Items from a dataset:
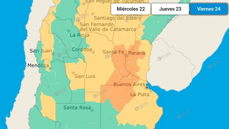 Las lluvias se esperan desde este miércoles o el jueves en Rosario, mientras que para el viernes rige un alerta naranja por tormentas fuertes en todo el sur y centro de Santa Fe, oeste de Entre Ríos, y norte y noroeste de la provincia de Buenos Aires.
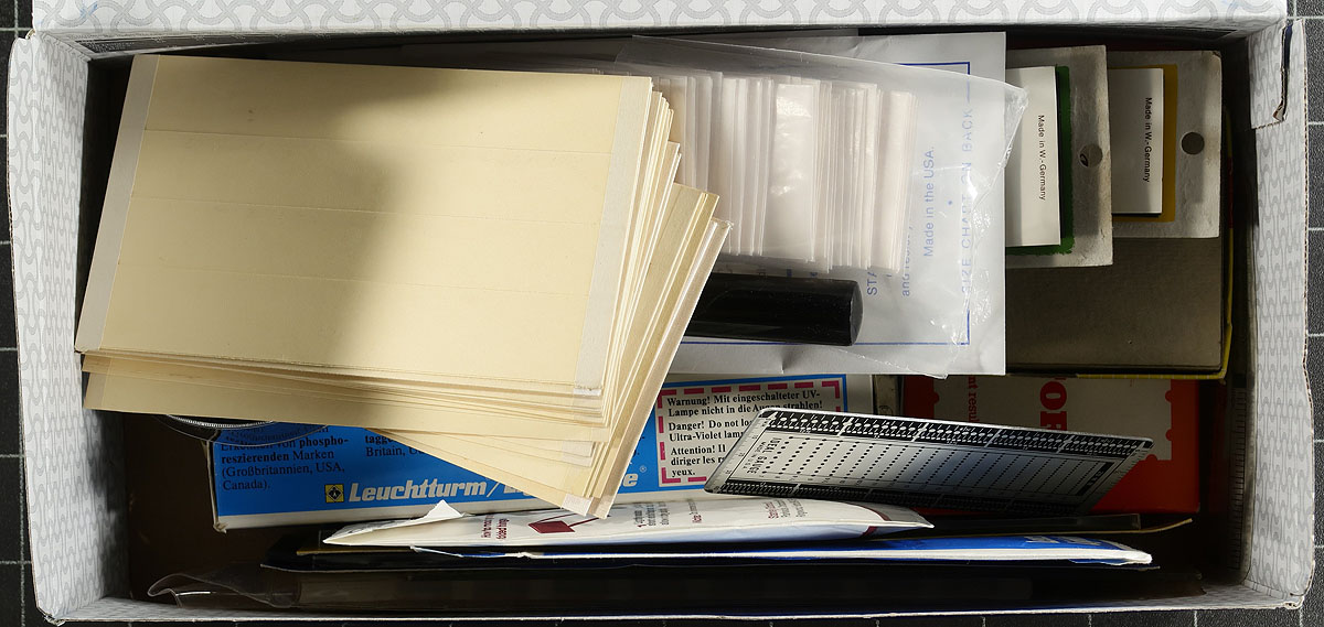 Bankers Box Balance. A useful group of "odds and ends", being the balance of the supplies offered in this sale. This lot includes A brand-new "Master Global Stamp Album" by Minkus (circa 1980 covering the world A-Z), two red "102" dealer boxes, quadrille pages, 3-hole punch, two Canada Post stamp paper-weights (1990's P.O. product), mount cutter, perf gauge, a few partial packs of mounts, watermark tray, dealer cards and two "Bank Vault" stockbooks. A very useful group. Estimate =
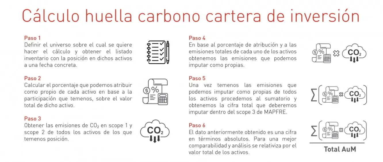 MAPFRE AM dispone de una metodología propia para el cálculo de la huella de carbono en la cartera de inversión, que trata de complementar los cálculos ya establecidos a nivel regulatorio y establece diferentes tipos de medición de la huella de carbono sobre las inversiones en función de la información que se quiera reportar y la finalidad de la misma. De hecho, de manera resumida, se pueden establecer cálculos en términos absolutos, relativos y de intensidad ponderados.
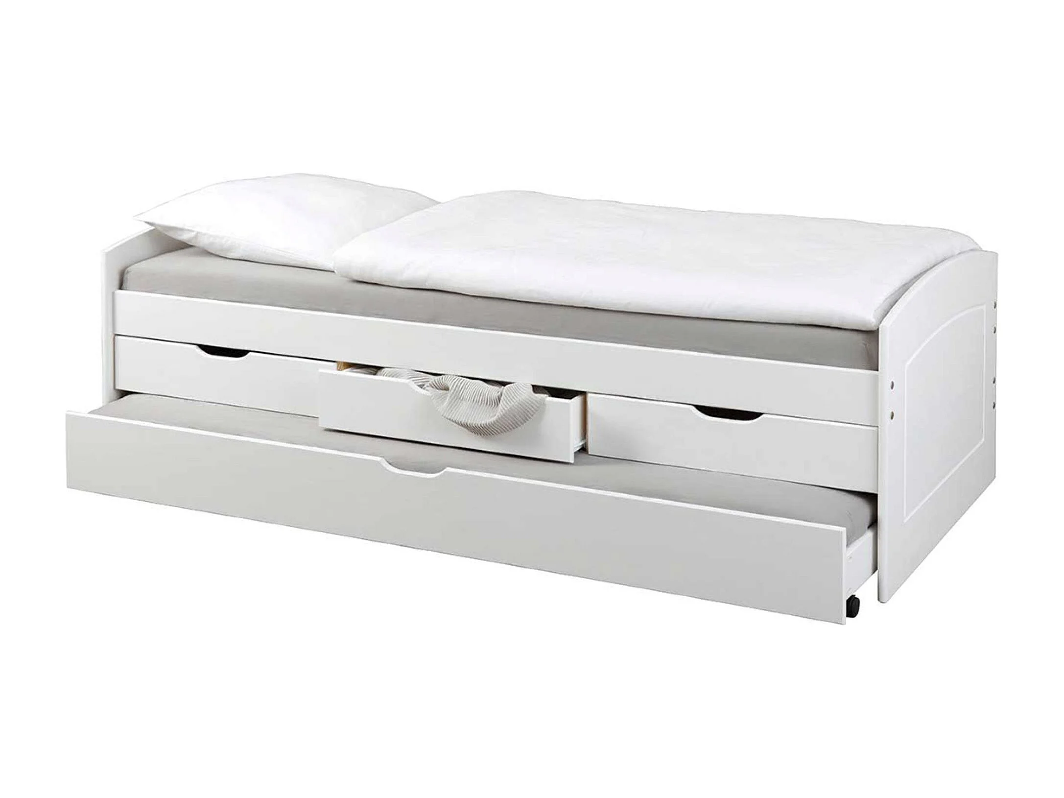 Lit à tiroirs en bois coloris blanc - Dim : 90 x 200 cm
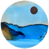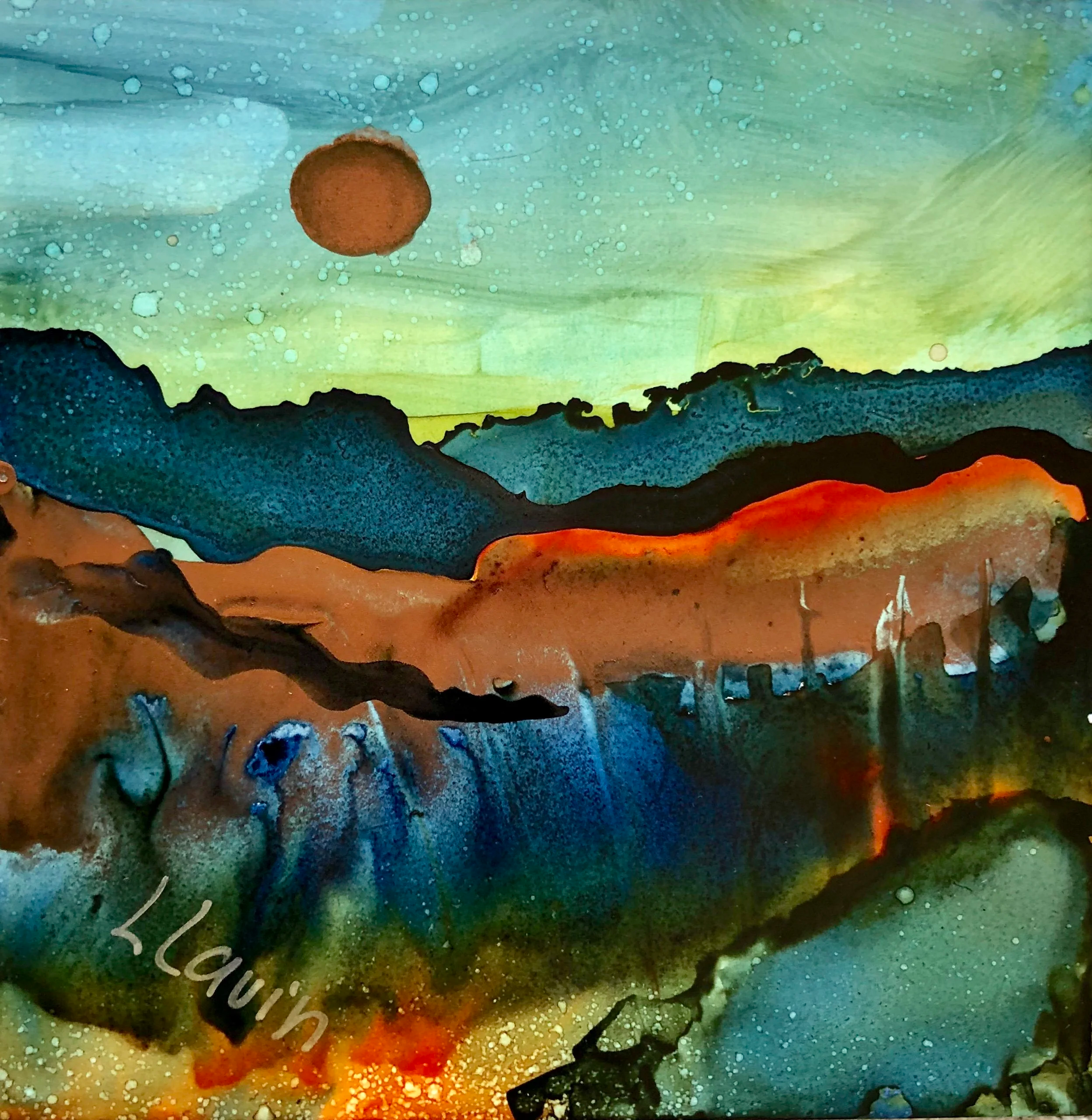 My practice centers on a co-creative process of discovery. Done without brushes, ink is dropped on impervious surfaces (yupo paper or ceramic tile), then slowly moved by tilting, scraping and blending the ink with the kinds of tools mentioned above. As the inks flow and bloom a myriad of colors and shades emerge. The process of coaxing the ink through timing and choice of tools allows the painting to emerge. Alcohol inks are blends of basic colors. As such when applied and allowed to mingle an array of “found colors” materializes. For example the painting Yellow Bloom is composed of only yellow and black ink but subtle greens, orange and peach emerged through my process. My paintings typically use 2 or 3 colors of ink with all other colors resulting from the interaction of the inks. Blended colors often create neutrals that occur more naturally in the “real world” thus lending unity to the paintings. See Full Moon. Mixing inks with a coffee stirrer results in a graded blend of color whereas application of a contrasting ink that then meets a dryer area results in the emergence of lines. A ridge becomes a horizon ready for more ink to define details and features. Reflection Lake is an example of this process. Additional alcohol or more ink revives the liquidity allowing me to further refine the design, add texture, and create embellishments.
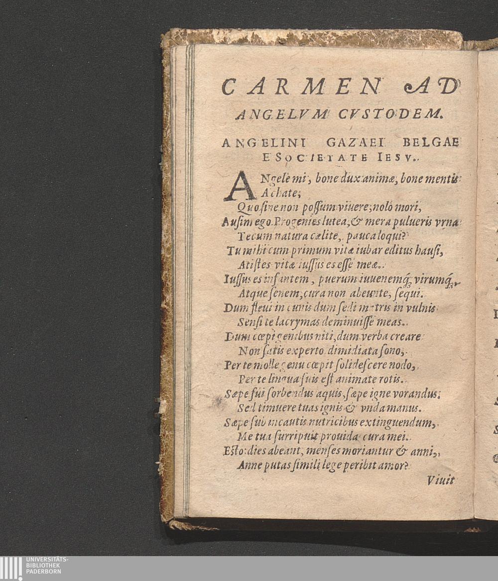 Carmen Ad Angelvm Cvstodem. Angelini Gazaei Belgae E Societate Iesv.
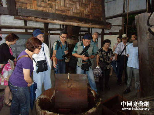 臺北社區大學參訪團一行在自貢久大鹽業集團公司舒平制鹽分公司鹽業展示廳參觀。(圖片來源:自貢市臺辦)
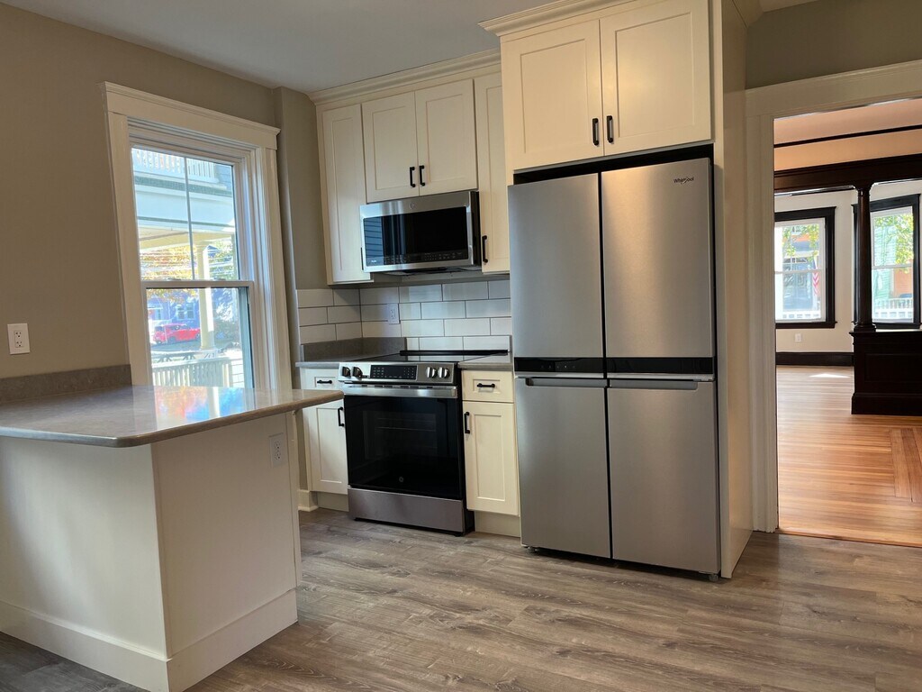 Lovely renovated This apartment offers an expansive 1,195 sq. ft. of elegant living space, featuring gleaming hardwood floors, soaring ceilings, and lots of windows that flood the interiors with natural light. The kitchen is a true centerpiece — boasting stone countertops, custom cabinetry, and top-of-the-line appliances that make entertaining effortless. Spa-like bathroom features sleek walk-in showers, modern fixtures, and a contemporary aesthetic for a luxurious everyday retreat. Comfort and convenience come standard with high-efficiency heating, central air conditioning, and thoughtfully designed layouts. Unwind on your private front porch, the perfect spot to enjoy a quiet morning coffee or evening glass of wine. Ideally situated just a short stroll from downtown, you’ll have premier access to shopping, dining, the East Bay Bike Path, and everything this vibrant community has to offer. Now leasing — secure your opportunity to live in one of the area’s most stylish and sought-after neighborhoods.

What this task involves – Starting at the line above that holds "MAPFRE AM dispone", repeat every line exactly down to and including the line that holds "Lit à tiroirs", then stop. Do not carry over any pictures.

Answer to this exercise –
 MAPFRE AM dispone de una metodología propia para el cálculo de la huella de carbono en la cartera de inversión, que trata de complementar los cálculos ya establecidos a nivel regulatorio y establece diferentes tipos de medición de la huella de carbono sobre las inversiones en función de la información que se quiera reportar y la finalidad de la misma. De hecho, de manera resumida, se pueden establecer cálculos en términos absolutos, relativos y de intensidad ponderados.
 Lit à tiroirs en bois coloris blanc - Dim : 90 x 200 cm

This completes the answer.